Basic Pipeline Usage

from huggingface_hub import login
from transformers import pipeline

# Login to Huggingface
login(hf_token, add_to_git_credential=True)

# Load a pipeline for the desired task
nlp = pipeline("pipeline_type for desired task", model="model_id", device="device")

# Use the pipeline to analyze a text
result = nlp("text")
print(result)
Sample Pipeline Code

# Sentiment Analysis
nlp = pipeline("sentiment-analysis", model="distilbert-base-uncased-finetuned-sst-2-english", device="cuda")
result = nlp("I love this product!")
print(result)
# Named Entity Recognition (NER)
nlp = pipeline("ner", device="cuda")
result = nlp("I love this product!")
for entity in result:
    print(entity)
# Question Answering
question="What ia apple?"
context="Explain in context of computers"

nlp = pipeline("question-answering", device="cuda")
result = nlp(question=question, context=context)
print(result)
# Summarization
nlp = pipeline("summarization", device="cuda")
text = """
Some text to summarize
"""
summary = nlp(text, max_length=50, min_length=25, do_sample=False)
print(summary[0]['summary_text'])
# Translation
translator = pipeline("translation_en_to_hi", model="facebook/m2m100_418M", device="cuda")
result = translator("I am translating from English to Hindi.")
print(result[0]['translation_text'])
# Text Classification
classifier = pipeline("zero-shot-classification", device="cuda")
result = classifier("Apple is looking at buying U.K. startup for $1 billion", candidate_labels=["tech", "sports", "movies"])
print(result)
# Text Generation
generator = pipeline("text-generation", device="cuda")
result = generator("If there is a will, there")
print(result[0]['generated_text'])

Diffusion Pipelines

Basic Pipeline Usage

from huggingface_hub import login
from IPython.display import display
from diffusers import DiffusionPipeline, AutoPipelineForText2Image
import torch

# Login to Huggingface
login(hf_token, add_to_git_credential=True)

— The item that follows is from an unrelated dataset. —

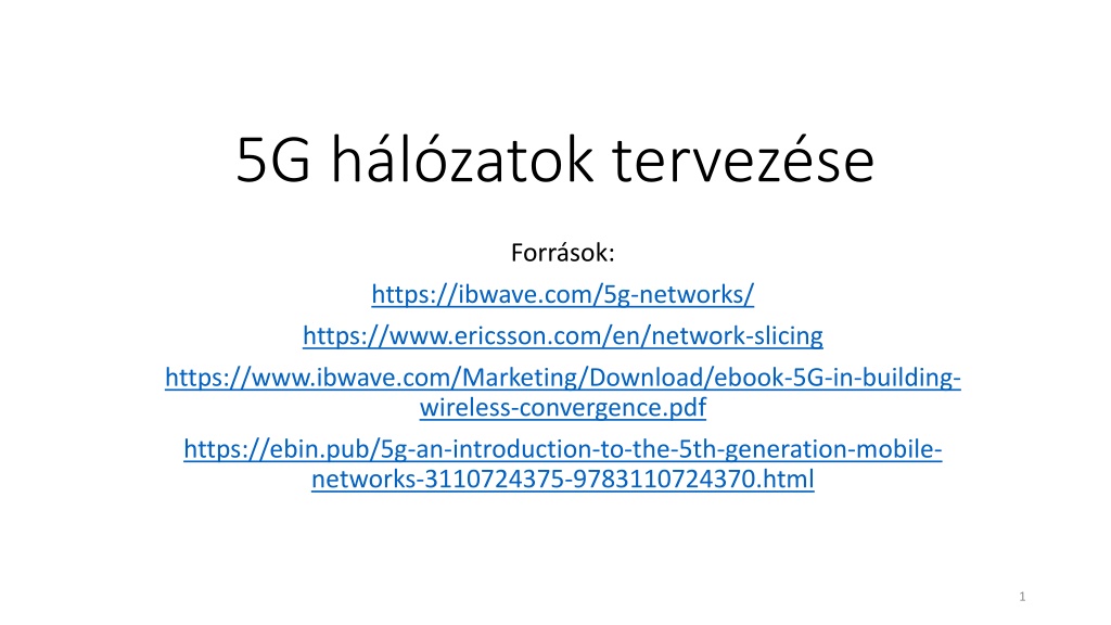 5G hlzatok tervezse Forr sok: https://ibwave.com/5g-networks/ https://www.ericsson.com/en/network-slicing https://www.ibwave.com/Marketing/Download/ebook-5G-in-building- wireless-convergence.pdf https://ebin.pub/5g-an-introduction-to-the-5th-generation-mobile- networks-3110724375-9783110724370.html 1

# Load a pipeline for the desired task
# NVIDIA's GPU technology is cuda. The .to("cuda") is used to run the pipeline on the GPU
diffusion_pipe = DiffusionPipeline.from_pretrained("diffusion_model_id", torch_dtype=torch.float16, use_safetensors=True, variant="fp16").to("cuda")

# Using AutoPipelineForText2Image
diffusion_pipe = AutoPipelineForText2Image.from_pretrained("diffusion_model_id", torch_dtype=torch.float16, use_safetensors=True, variant="fp16").to("cuda")

# Use the diffusionpipeline to generate an image
prompt = "Prompt for image"
image = diffusion_pipe(prompt=prompt, num_inference_steps=5 guidance_scale=0.0).images[0]
display(image)

# Adding a refiner to the pipeline
refiner_pipe = DiffusionPipeline.from_pretrained("refiner_model_id", text_encoder_2=base.text_encoder_2, vae=base.vae, torch_dtype=torch.float16, use_safetensors=True, variant="fp16",).to("cuda")
diffusion_pipe = diffusion_pipe.to_refiner(refiner_pipe)

# Use both diffusion pipeline and refiner pipeline to generate an image
n_steps = 40
high_noise_frac = 0.8
prompt = "Prompt for image"
image = diffusion_pipe(prompt=prompt, num_inference_steps=n_steps, denoising_end=high_noise_frac, output_type="latent").images[0]
image = refiner_pipe(prompt=prompt, num_inference_steps=n_steps, denoising_start=high_noise_frac, image=image).images[0]
display(image)

Tokenizers

  • Translates text to tokens and token ids (See Tokenization)
  • Contains a vocab with
    • tokens and token ids
    • special tokens such as (beginning of the sequence) and (end of the sequence)
      • helps understand where a sequence starts and ends
  • Uses encode and decode methods to translate text to tokens and token ids
    • encode: Translates text to tokens and token ids
    • decode: Translates tokens and token ids to text

Basic Tokenizer Usage

from huggingface_hub import login
from transformers import AutoTokenizer
import torch

# Login to Huggingface
login(hf_token, add_to_git_credential=True)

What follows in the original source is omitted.